• **PROBLEM DETAILS**: Transcribe word for word the section of the records below that opens with the line containing "487 mi Ridden$1,144 Raised2024" and closes with the line containing "popierius. Už jo"; drop every picture.
══ SOURCE MATERIAL
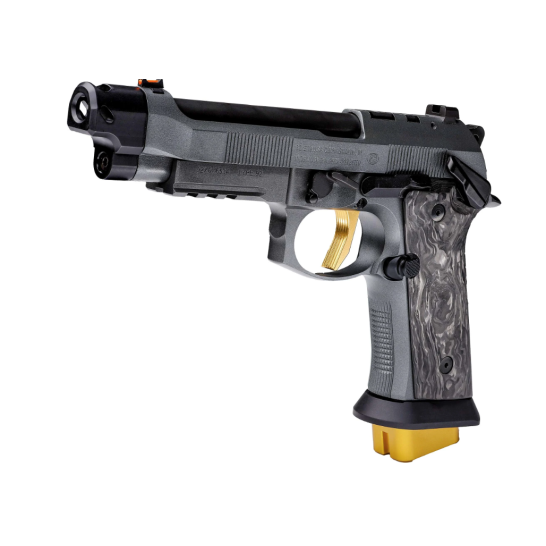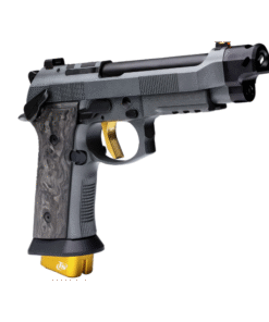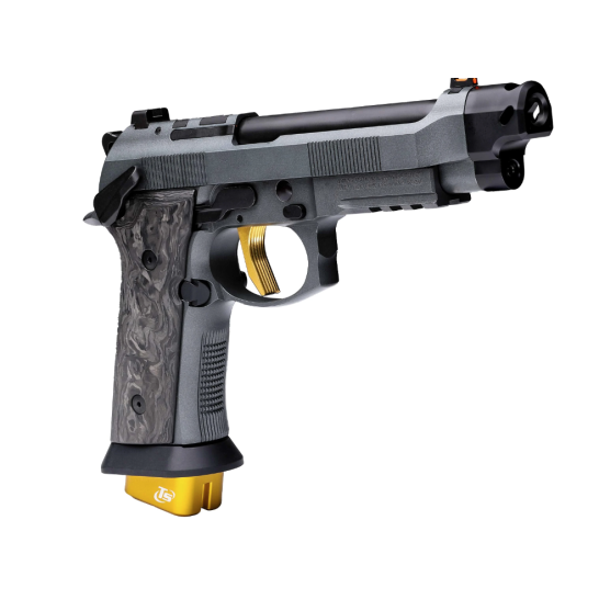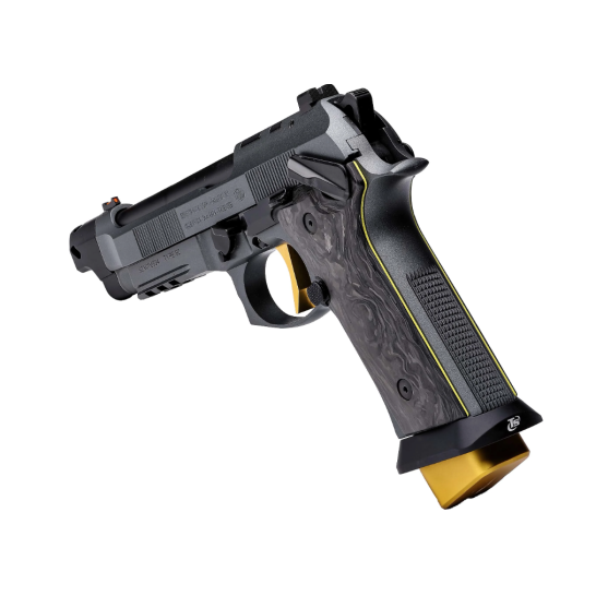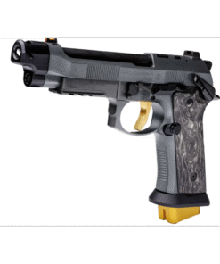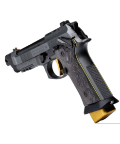 Introducing The 92XI SAO CORSA, the pinnacle of race competition pistols, exuding the same exhilarating energy as a high-end race car tearing down the track. Crafted with precision and finesse, this masterpiece features luxurious gold-colored accents that elevate its aesthetic to unparalleled levels of elegance and performance. With its X-treme S Trigger, boasting DLC coated components and a lightweight skeletonized hammer, every shot is executed with unparalleled smoothness and precision. Equipped with three magazines featuring extended base pads for a total of 22 rounds, the Corsa ensures you’re always ready to dominate the competition. Its frame-mounted safety, optics mounting for MRDS sights, and aggressive checkered frame provide unparalleled control and accuracy. The LOK Grips marbled carbon fiber grip panels have a striking yellow outline that add a touch of sophistication. With features like the Toni System Magwell and Single Port Toni System Compensator, the Corsa is engineered for ultimate performance on the race circuit. Experience the thrill of victory with the 92XI SAO Corsa—where precision meets prestige.
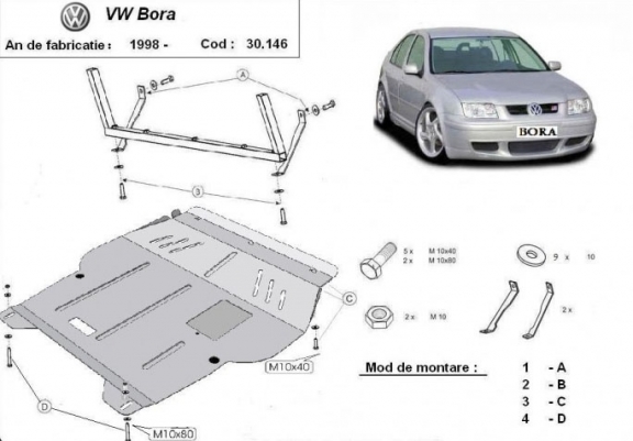The sump guard is new and fits perfectly for all versions of VW Bora manufactured between 1998 and 2006. Sump guard for the protection of the: engine, gearbox, radiator, front bumper It has an opening for the oil sump, so it's removal won't be necessary to change the oil. Made out of 2 mm thick Steel plate. Screws, nuts, clips, all fastening accessories are included. All sump guards are powder coated to prevent corrosion. The exterior of the sump guard is provided with Steel reinforcements, which increases the resistance to impact. |
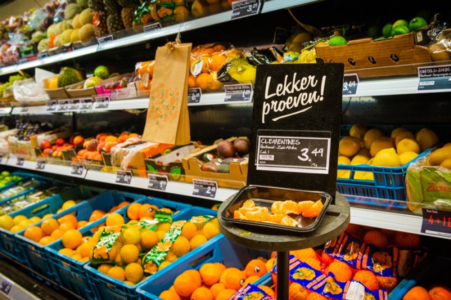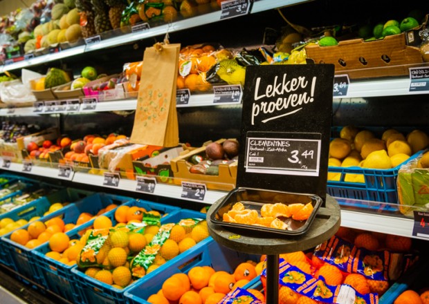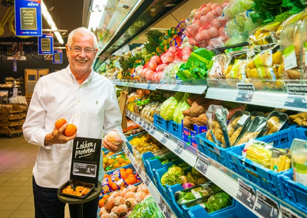 Dat de klanten veel mogen proeven, was Jan ook al opgevallen. “Proeven draagt bij aan de algemene beleving van je klant. Maar zo leren ze ook je assortiment kennen en dat doet je gemiddelde aankoopcijfer omhoog gaan.” Annika Gilissen, AGF-verantwoordelijke van Alvo Zonhoven bevestigt dat meteen: “Twee weken geleden hadden we gele meloenen. Mensen kennen dat nog niet, dus ik heb er eentje open gesneden om te laten proeven. En wat blijkt? We hebben ze al heel goed verkocht!” Iets laten proeven is trouwens ook een vorm van communicatie met je klanten. En voor Wouter is dat aspect zeker zo belangrijk. “We zijn een selfservice zaak maar we willen wél service bieden en advies geven. En dan moet je communiceren met je klanten.”
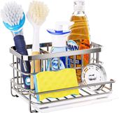 Trzy przegródki tego pojemnika na zlew idealnie nadają się do przechowywania szczotek do naczyń, butelek na płyn do mycia naczyń, gąbek, zatyczek do zlewu itp.
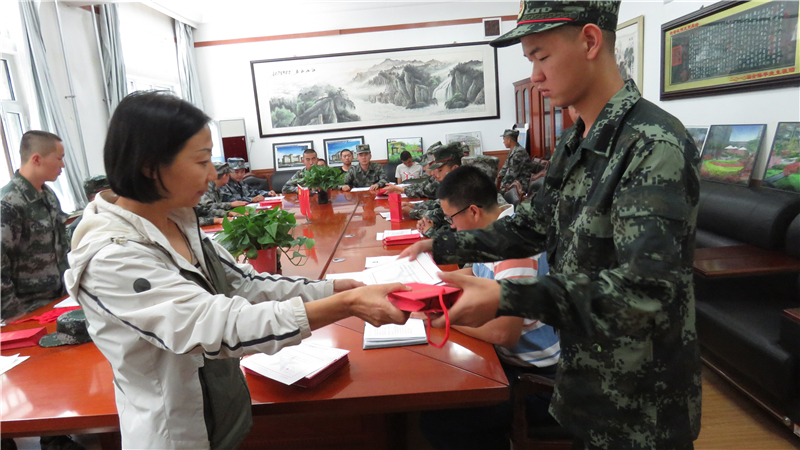 党委书记、院长王娟丽向新兵代表发放了纪念品
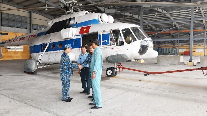 Chuyến trực thăng đầu tiên đã đưa hàng cứu trợ đến xã Phước Thành trong sáng 1-11. Ảnh: TD
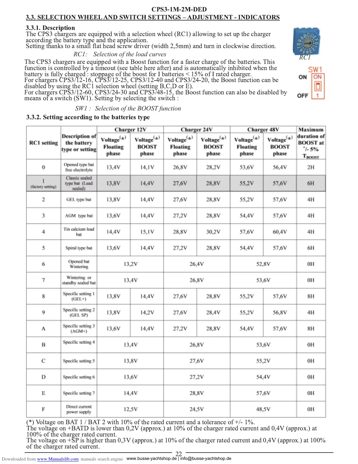 For chargers CPS3/12-60, CPS3/24-30 and CPS3/48-15, the Boost function can also be disabled by
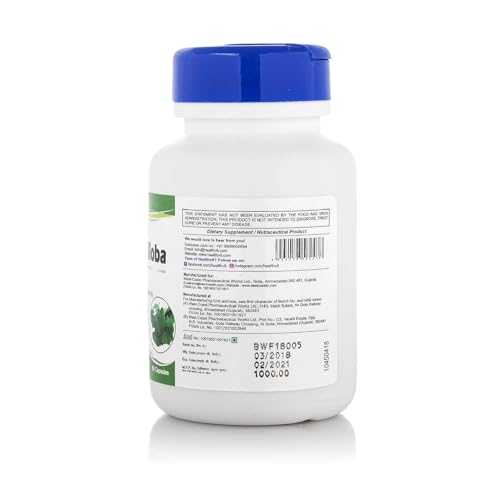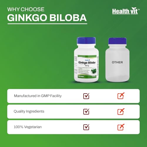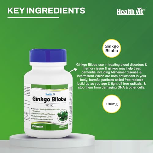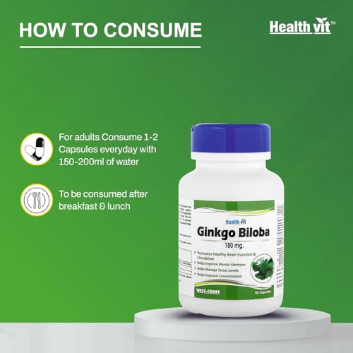 Healthvit Ginkgo Biloba 180mg For Healthy Brain Function | Manage Stress Levels | Improve Mental Alertness | Improve Concentration - 60 Capsules
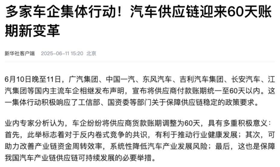 这一困境的背后,既源于“60天回款周期”定义的模糊性——其未明确是从交货日、验收日还是开票日起算,也未界定货款需以现金结算,还是可通过承兑汇票、应收账款电子凭证等非现金方式支付,这种模糊性为主机厂拖延回款提供了操作空间;更源于供应链厂商的被动处境:不少企业受生存压力所迫,秉持“保业务优先于保利润”的心态,对主机厂的账期要求不敢强硬反驳,进一步助长了主机厂的拖延底气。
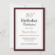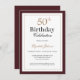Invitación Fiesta de Cumpleaños 50 Clásico Dorado Borgoña
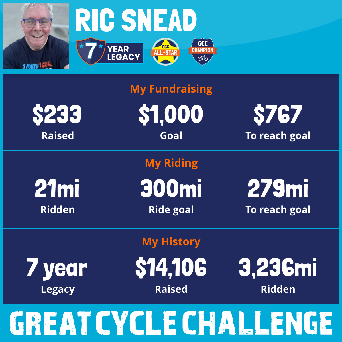 487 mi Ridden$1,144 Raised2024
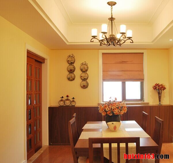 本套餐厅装饰中整体的装饰以及灯光色调搭配可以是整个空间显得十分具有古典气息,空间内的吊灯设计采用了装饰木条做造型,更加彰显了美式风格的装饰特点,同时也增添了空间装饰的设计感。
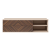 ТВ-тумба Хармони 2 ящика разместит необходимые предметы в быстром доступе. Подвесная конструкция экономит пространство на полу и облегчает уборку. На поверхности можно расположить мультимедийную технику, а на полках и в ящиках — печатную продукцию и книги. Изящный и в то же время простой дизайн с природным узором привлекательно смотрится в интерьере.
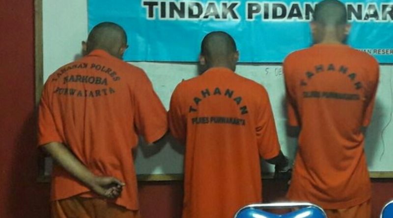 PURWAKARTA – Lagi, Satres Narkoba Polres Purwakarta Jawa Barat , berhasil menangkap 3 orang yang diduga pengguna sekaligus pengedar narkoba golongan satu jenis ganja.
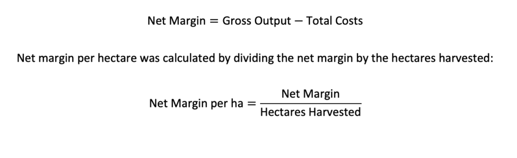 For each farm, gross output was calculated by multiplying delivered tonnage by the base price per ton. Total costs included haulage, cutting, baling, chasing, turning, and storage. The net margin was then calculated as:
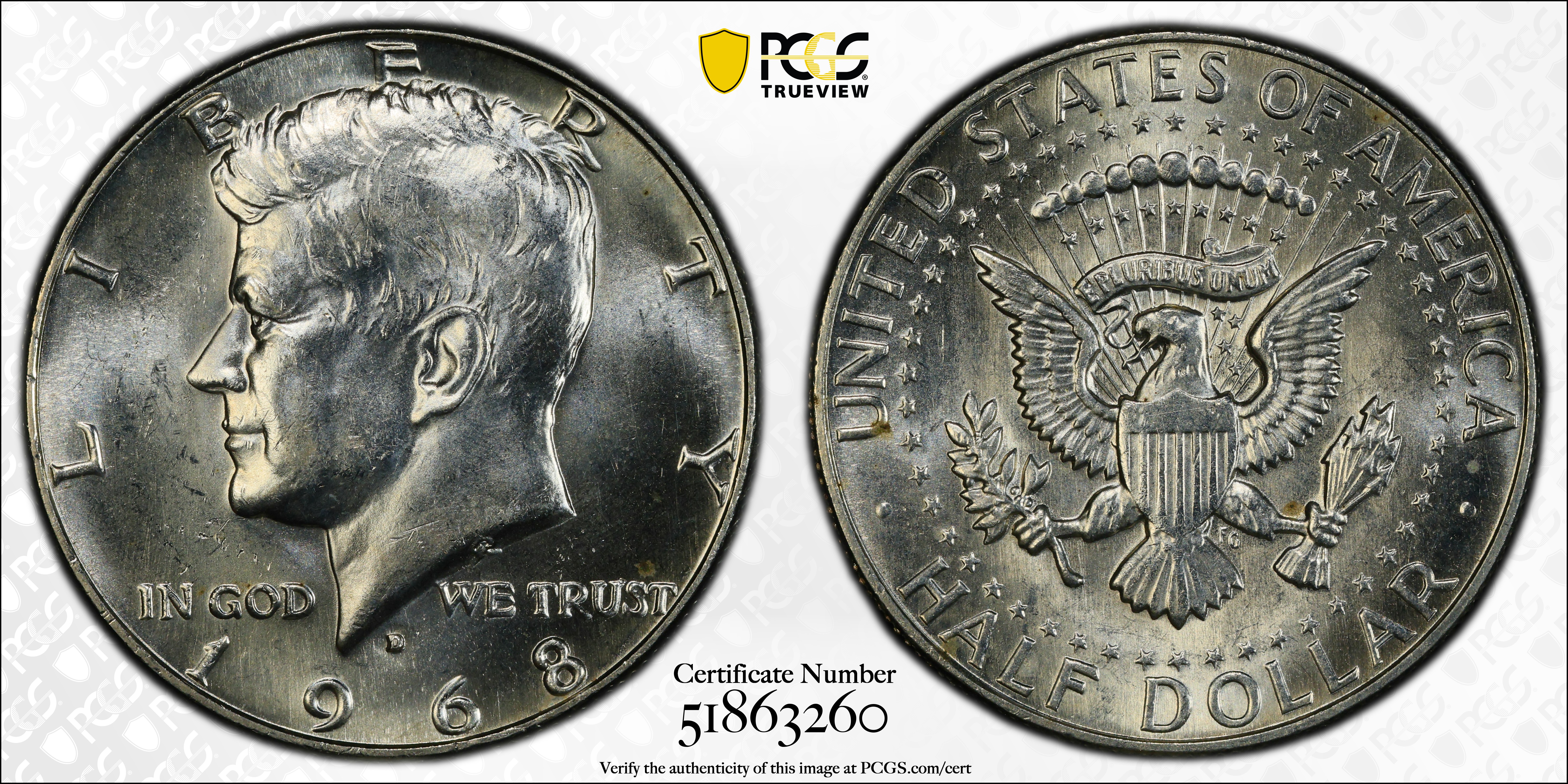 1968-D 50C MS62 Certification #51863260, PCGS #6711
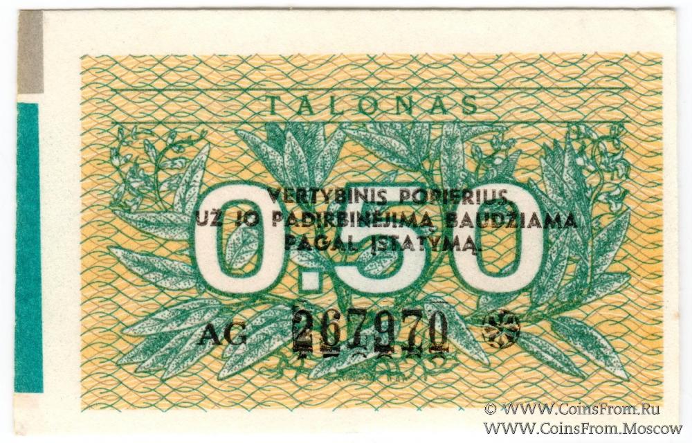 С надпечаткой: "Vertybinis popierius. Už jo padirbinėjimą baudžiama pagal įstatyma".
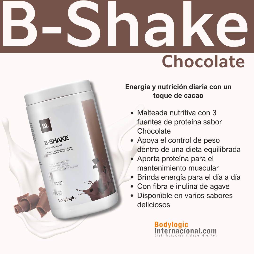 B-Shake BodyLogic es una malteada nutricional formulada con una combinación de tres proteínas de origen vegetal y animal: soya, chícharo y suero de leche. Su fórmula está diseñada para complementar la alimentación diaria de forma práctica y balanceada.
════
• **OUTPUT FOR THIS TASK**:
 487 mi Ridden$1,144 Raised2024
 本套餐厅装饰中整体的装饰以及灯光色调搭配可以是整个空间显得十分具有古典气息,空间内的吊灯设计采用了装饰木条做造型,更加彰显了美式风格的装饰特点,同时也增添了空间装饰的设计感。
 ТВ-тумба Хармони 2 ящика разместит необходимые предметы в быстром доступе. Подвесная конструкция экономит пространство на полу и облегчает уборку. На поверхности можно расположить мультимедийную технику, а на полках и в ящиках — печатную продукцию и книги. Изящный и в то же время простой дизайн с природным узором привлекательно смотрится в интерьере.
 PURWAKARTA – Lagi, Satres Narkoba Polres Purwakarta Jawa Barat , berhasil menangkap 3 orang yang diduga pengguna sekaligus pengedar narkoba golongan satu jenis ganja.
 For each farm, gross output was calculated by multiplying delivered tonnage by the base price per ton. Total costs included haulage, cutting, baling, chasing, turning, and storage. The net margin was then calculated as:
 1968-D 50C MS62 Certification #51863260, PCGS #6711
 С надпечаткой: "Vertybinis popierius. Už jo padirbinėjimą baudžiama pagal įstatyma".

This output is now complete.